In December, BD announced a $1.2 billion investment in expanding manufacturing capacity for prefilled syringes.
That capacity, intended to help with future pandemics and a growing number of injectable drugs, won’t come online until 2023.
Scale-down: As cases of COVID-19 drop in the U.S., some pandemic-related activities will start to wind down, but the timing is difficult to predict.
The number of COVID-19 tests in the U.S. has fallen from about 2.3 million in early January to about 1 million in mid-May.
BD executives are still hoping to play a role in COVID-19 testing going forward, but it may not be the massive level of testing seen during the peak of the pandemic.
COVID-19 testing made up nearly 10% of BD’s revenue in the first three months of 2021.
The company has been expanding its portfolio of COVID-19 testing options, including a device that tests for flu and COVID-19 at the same time, which the company believes could be an important tool during flu season.
“We’re pulling all the levers we can to make COVID testing more sustainable as we think about the combined COVID and flu assay,” BD CEO Tom Polen said on a recent conference call. “We’re also working on the at-home test. That should have some ability to have sustainability in COVID testing. But clearly, it will come down.”
In financial filings, McKesson reported that COVID-19 tests, PPE sales and distribution of ancillary supplies for COVID-19 vaccines accounted for 20% of the company’s medical distribution segment revenues.
“As vaccines rise and COVID falls, there should just naturally be less demand for COVID test kits,” Tyler said at the Bank of America investor conference.
Comeback: As COVID-19 testing slows down, other areas of health care utilization have been increasing. That should more than make up for business lost due to the waning pandemic.
On a conference call, Kaufmann said demand for surgical products hit 95% of normal near the end of 2020. Rising case numbers in the U.S. drove demand back down to 90% in the first few months of 2020.
By the end of March, demand had bounced back to about 95%, and the company expects to reach pre-COVID levels over the next six months.
Masks and social distancing essentially eliminated the cold and flu season last year, leading to low levels of prescriptions.
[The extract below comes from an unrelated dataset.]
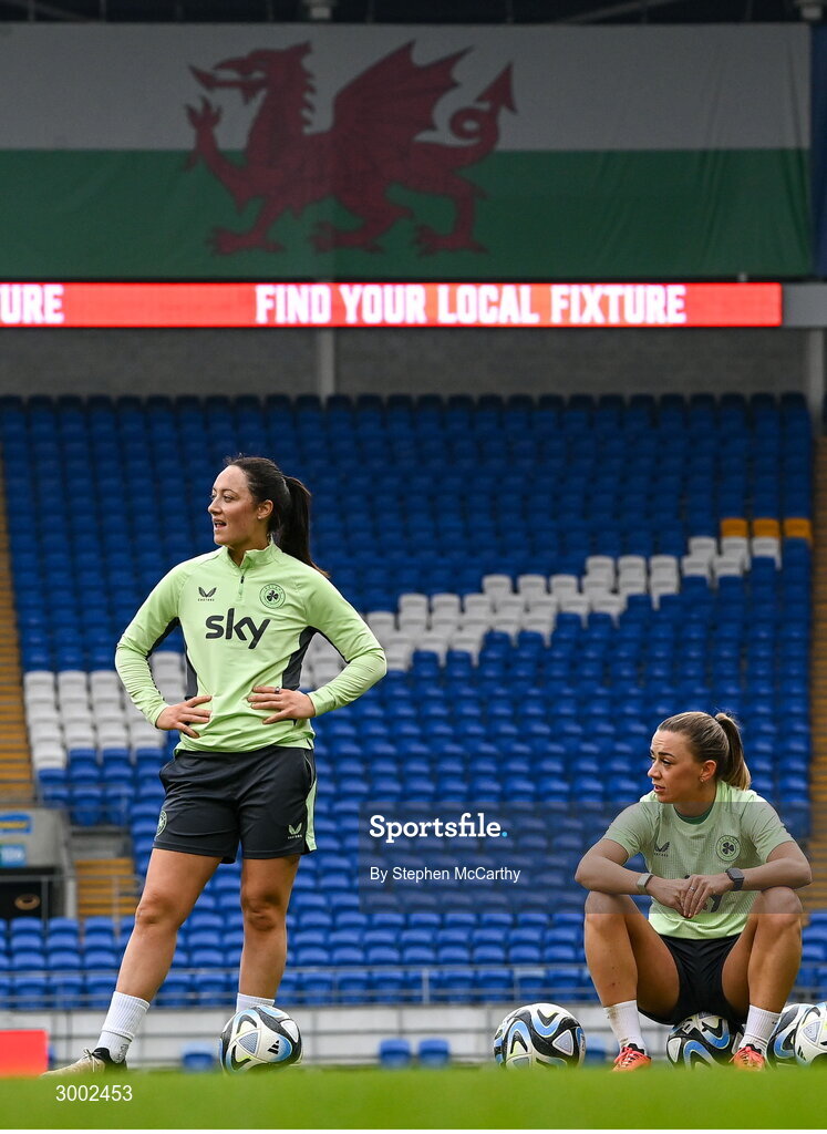 28 November 2024; Megan Campbell and Katie McCabe, right, during a Republic of Ireland women training session at Cardiff City Stadium in Wales. Photo by Stephen McCarthy/Sportsfile

Now, drug distributors expect those drugs will start bouncing back.
As we look to the current situation and … with vaccines and a lower incidence of COVID-19 in many parts of the country, people will be scheduling these diagnostic procedures and getting referrals for physicians to treat conditions,” AmerisourceBergen CFO Jim Cleary recently said on a conference call.
New normal: Other parts of the health care supply chain simply won’t return to normal, according to Robert Rajalingam, president of U.S. medical solutions sales at Cardinal Health.
“We’re not trying to go back to the way things were before. We are taking this time to set our go-forward plan … and that might look a little different than it did a year ago,” Rajalingam wrote in an email.
After shortages during the pandemic, Cardinal expects that demand for PPE will remain slightly elevated compared to previous years.
Cardinal is planning to make its supply chain more geographically diverse and add more domestic manufacturing capacity. The company is also hoping for more collaboration with customers when it comes to sharing data about inventory and supply chain bottlenecks.
“Right now – and as we transition to a post-pandemic state – we’re making investments and enhancements across the supply chain,” Rajalingam wrote.
That includes improving the management of suppliers to ensure they can deliver necessary products. It also means expanding the company’s distribution network so Cardinal can get those products to customers.
Rajalingam said Cardinal plans to invest $50 million to add 1 million square feet to distribution centers across the U.S.